Inconsistent Timing of Long-Acting Insulin Administration
Penalty
Summary
The deficiency involves the facility’s failure to administer long-acting insulin at consistent times in accordance with manufacturer instructions for two residents prescribed Lantus (a long-acting insulin). One resident had type 2 diabetes with diabetic polyneuropathy and long-term insulin use, with a care plan directing diabetes medications to be administered as ordered. The physician ordered Basaglar 62 units twice daily, which was transcribed on the March 2026 medication administration record (MAR) as Lantus 62 units twice daily with administration windows of 7:00 a.m.–11:00 a.m. and 7:00 p.m. (HS). The manufacturer’s package insert for Lantus states it may be taken at any time of day but must be taken at the same time every day. MAR review showed the evening doses were given at varying times, including examples such as 9:41 a.m. and 10:32 p.m., 9:17 a.m. and 9:43 p.m., 8:29 a.m. and 10:42 p.m., and 9:04 a.m. and 8:27 p.m., rather than at a consistent time. Another resident with type 2 diabetes, on a therapeutic diet and receiving insulin injections seven days per week, had a physician order for Lantus 20 units daily. The March 2026 MAR listed Lantus 20 units in the morning with an administration window of 7:00 a.m.–11:00 a.m., but actual administration times varied, including 8:27 a.m., 10:00 a.m., 8:52 a.m., 12:09 p.m., and 7:58 a.m.
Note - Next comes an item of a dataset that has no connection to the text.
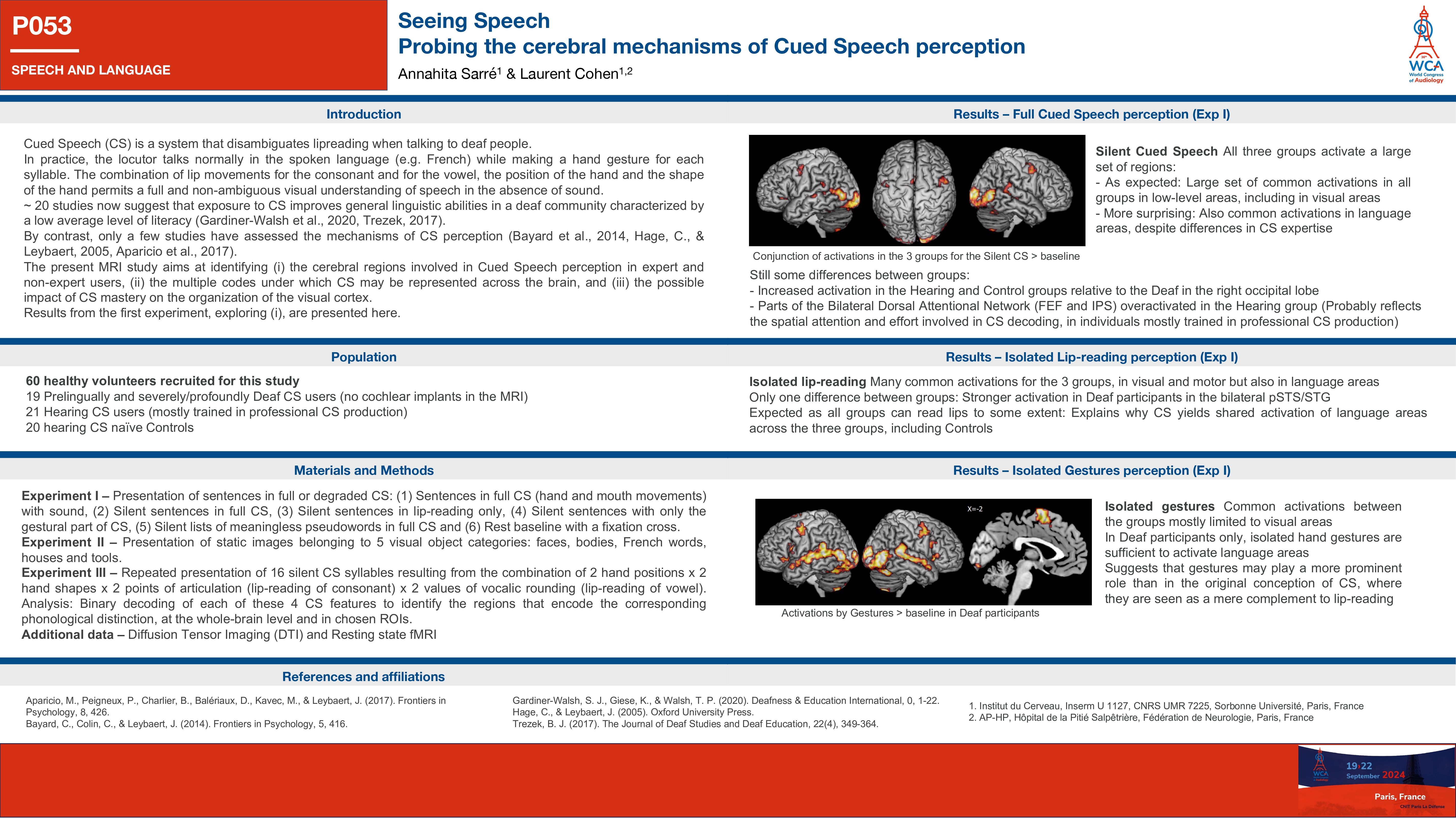 | P053 – Seeing Speech: Probing the cerebral mechanisms of Cued Speech perception | Speech and Language | speech-and-language | |

Staff interviews confirmed that long-acting insulin should be given at the same time every day for effectiveness, and that nurses transcribed orders using time windows when specific times were not provided. The RN nurse manager acknowledged that Lantus might be one medication where a specific time is preferred, and the DON stated that long-acting insulin orders are not always written with specific times unless the provider specifies one. The consulting pharmacist stated that long-acting insulin should be given with a very small window and that giving doses at different times daily could result in hyperglycemia or hypoglycemia and potentially ketoacidosis. The facility’s insulin administration policy described long-acting insulin characteristics but did not prevent the inconsistent timing documented on the MARs.